Smith Andrew M, Sewell Gavin W, Levine Adam P, Chew Thean S, Dunne Jenny, O'Shea Nuala R, Smith Philip J, Harrison Penelope J, Macdonald Carol M, Bloom Stuart L, Segal Anthony W
Microbial Diseases, Eastman Dental Institute, University College London, London, UK.
Immunology. 2015 Jan;144(1):45-55. doi: 10.1111/imm.12338.
Crohn's disease (CD) is a complex and highly heterogeneous chronic inflammatory disorder, primarily affecting the gastrointestinal tract. Genetic and functional studies have highlighted a key role for innate immunity in its pathogenesis. Profound systemic defects in innate immunity and acute inflammation are understood to result in markedly delayed clearance of bacteria from the tissues, leading to local chronic granulomatous inflammation and compensatory adaptive immunological changes. Macrophages, key orchestrators of acute inflammation, are likely to play an important role in the initial impaired innate immune response. Monocyte-derived macrophages from CD patients stimulated with Escherichia coli were shown to release attenuated levels of tumour necrosis factor and interferon-γ with normal secretion of interleukin-8 (IL-8), IL-10 and IL-6. In controls, the secretion of these cytokines was strongly positively correlated, which was not seen with CD macrophages.
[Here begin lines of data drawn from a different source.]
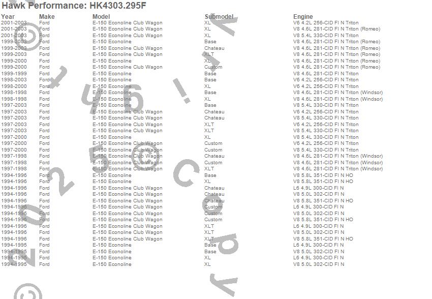 Below is an abreviated list of applications for the Sector 27 Brake Kits.E-150 Econoline, E-150 Econoline Club Wagon, Ford, 2003, 2002, 2001, 2000, 1999, 1998, 1997, 1996, 1995, 1994 moreā¦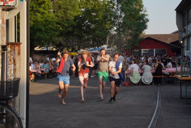 „Ich mag sehr, dass unser Sommerfest so einfach und unkompliziert ist. Ein paar Bänke, zu trinken, zu essen, und ganz viel Zeit, um sich auszutauschen mit all den Menschen, die unsere Arbeit so vielfältig und spannend machen“, lässt sich Felix Courvoisier von Seed entlocken. Allerdings ist das ein bisschen tief gestapelt. In Wahrheit mussten 45 Festbänke, 10 Stehtische, 200 Meter Tischtücher und 450 Gläser angeschleppt werden. 30 dieser Trinkgefässe sind dann in 15 vollen Abfallsäcken gelandet.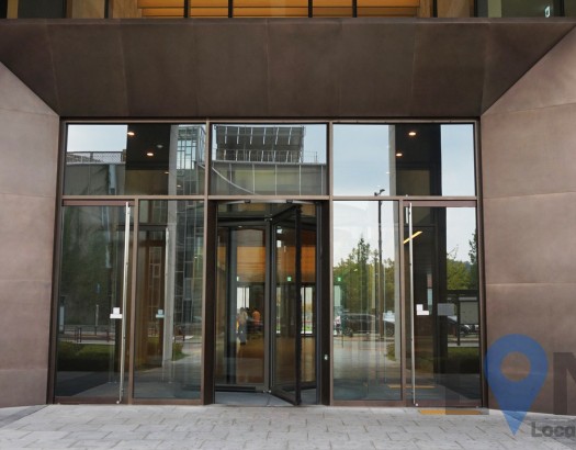 깔끔하고 어두운 톤의 건물 입구, 로비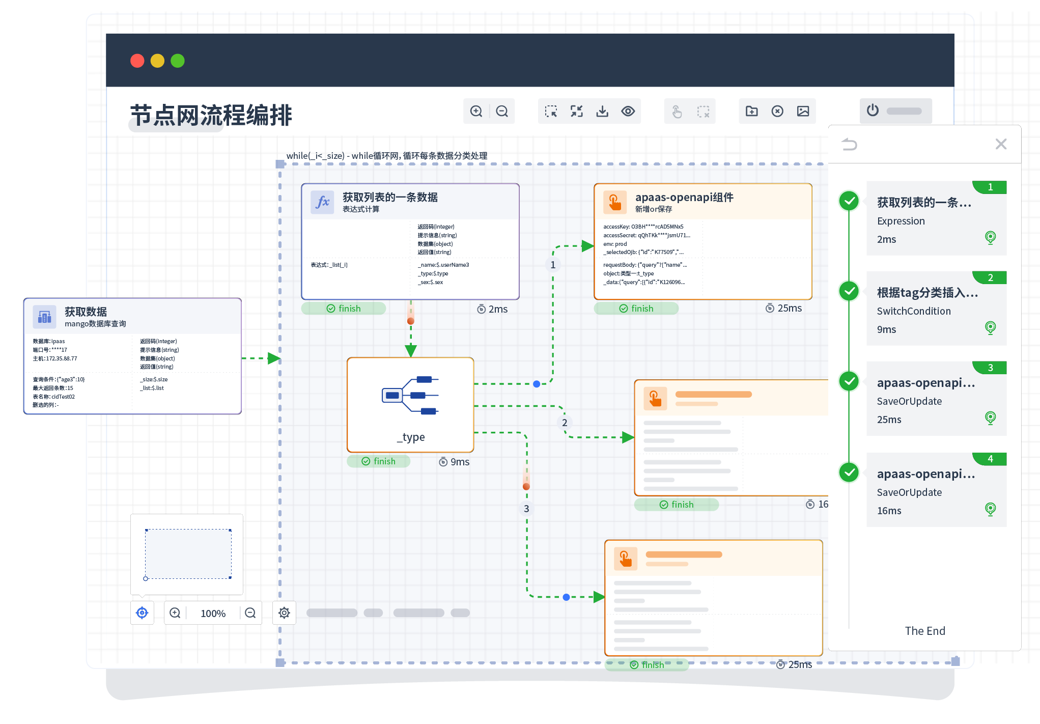 针对集成场景,,,组件定义后支持进行流程编制,,,,不同于传统代码方式,,,,通过图形化展示,,,,支持在线调试、、日志查看和运行回放。。。。

The transcriptomes of CD and control macrophages were examined in an attempt to understand the molecular basis of this defect. There were no differentially expressed genes identified between the two groups, consistent with genetic heterogeneity; however, a number of molecules were found to be under-expressed in subgroups of CD patients. The most common of these was optineurin (OPTN) which was under-expressed in approximately 10% of the CD patients. Reduced OPTN expression coincided with lower intracellular protein levels and diminished cytokine secretion after bacterial stimulation both in the patients and with small interfering RNA knockdown in THP-1 cells. Identifying and studying subgroups of patients with shared defective gene expression could aid our understanding of the mechanisms underlying highly heterogeneous diseases such as CD.
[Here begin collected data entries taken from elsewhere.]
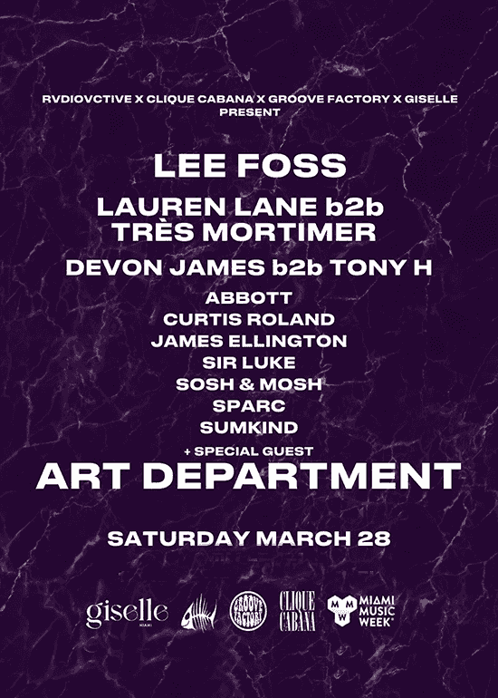 Sounds by Lee Foss, Lauren Lane b2b Très Mortimer, Devon James b2b Tony H, Abbott, Curtis Roland, James Ellington, Sir Luke, Sosh & Mosh, Sparc, Sumkind + special guest Art Department.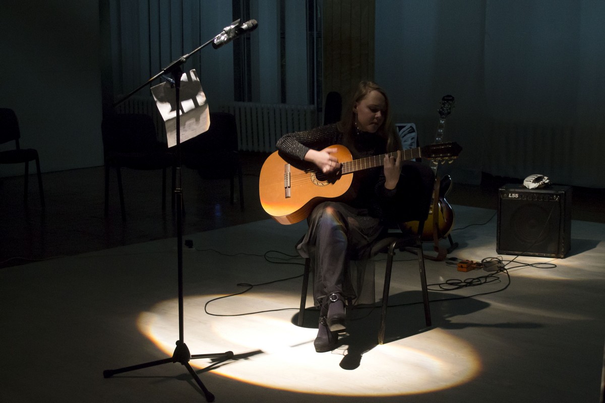 У вялікай белай зале цемра. Святло толькі ў колах ад пражэктараў. Мікрафон, некалькі крэслаў, гітары і мікшэры – нічога не адцягвае ўвагу ад творчасці і музыкі. Так працуе свабодная музычная прастора Gimme Danger.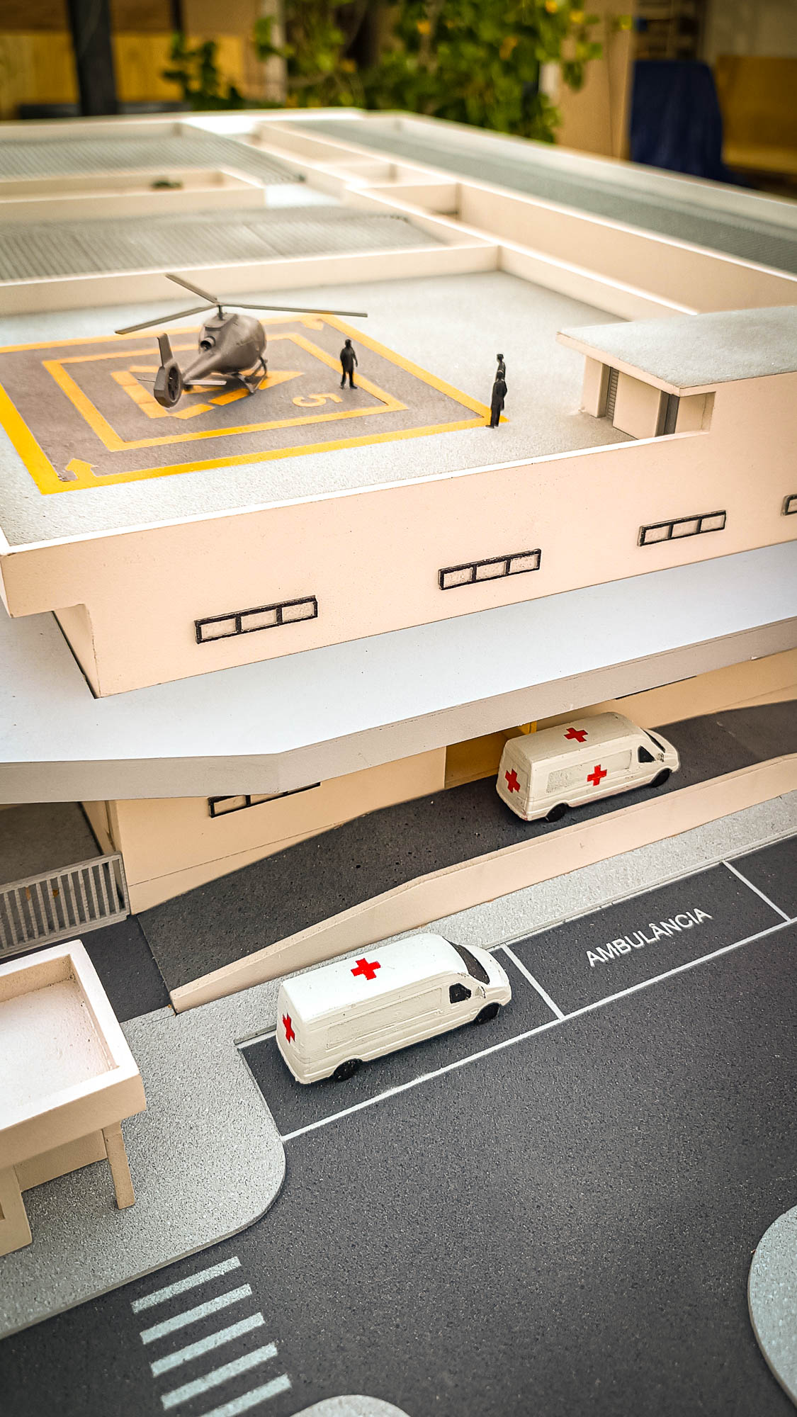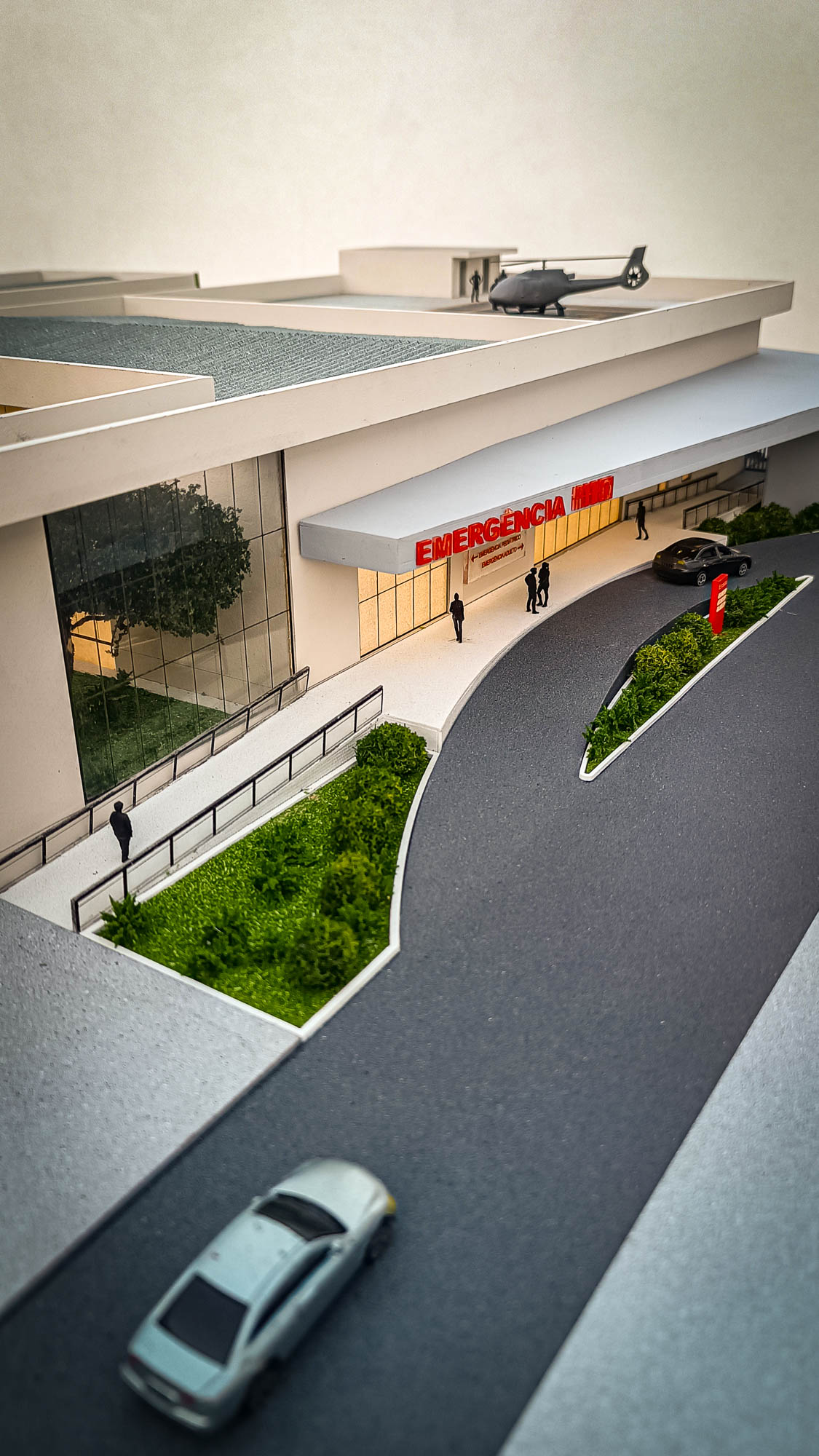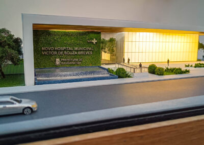 A maquete do Novo Hospital Municipal Victor de Souza Breves marcou o início de nossa parceria com a Prefeitura de Mangaratiba. Durante o processo de fabricação, recebemos visitas frequentes da equipe do município, que acompanhou de perto cada etapa — do corte das peças aos ajustes finais de pintura e iluminação.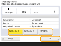 | | Možete ponovno pozvati prethodno korištene postavke kopiranja. Pojedinosti pozvanih postavki mogu se promijeniti prije kopiranja. |

克罗恩病(CD)是一种复杂且高度异质性的慢性炎症性疾病,主要累及胃肠道。基因和功能研究突显了固有免疫在其发病机制中的关键作用。固有免疫和急性炎症方面的严重全身性缺陷被认为会导致细菌从组织中的清除明显延迟,进而引发局部慢性肉芽肿性炎症和代偿性适应性免疫变化。巨噬细胞是急性炎症的关键协调者,可能在初始受损的固有免疫反应中发挥重要作用。用大肠杆菌刺激CD患者的单核细胞衍生巨噬细胞后,发现其肿瘤坏死因子和干扰素-γ的释放水平降低,而白细胞介素-8(IL-8)、IL-10和IL-6的分泌正常。在对照组中,这些细胞因子的分泌呈强正相关,而CD巨噬细胞则未出现这种情况。对CD和对照巨噬细胞的转录组进行了检测,以试图了解这种缺陷的分子基础。两组之间未发现差异表达基因,这与基因异质性一致;然而,发现一些分子在CD患者亚组中表达下调。其中最常见的是发动蛋白(OPTN),约10%的CD患者中其表达下调。在患者以及经小干扰RNA敲低的THP-1细胞中,OPTN表达降低与细菌刺激后细胞内蛋白质水平降低和细胞因子分泌减少同时出现。识别和研究具有共同缺陷基因表达的患者亚组有助于我们理解诸如CD等高度异质性疾病的潜在机制。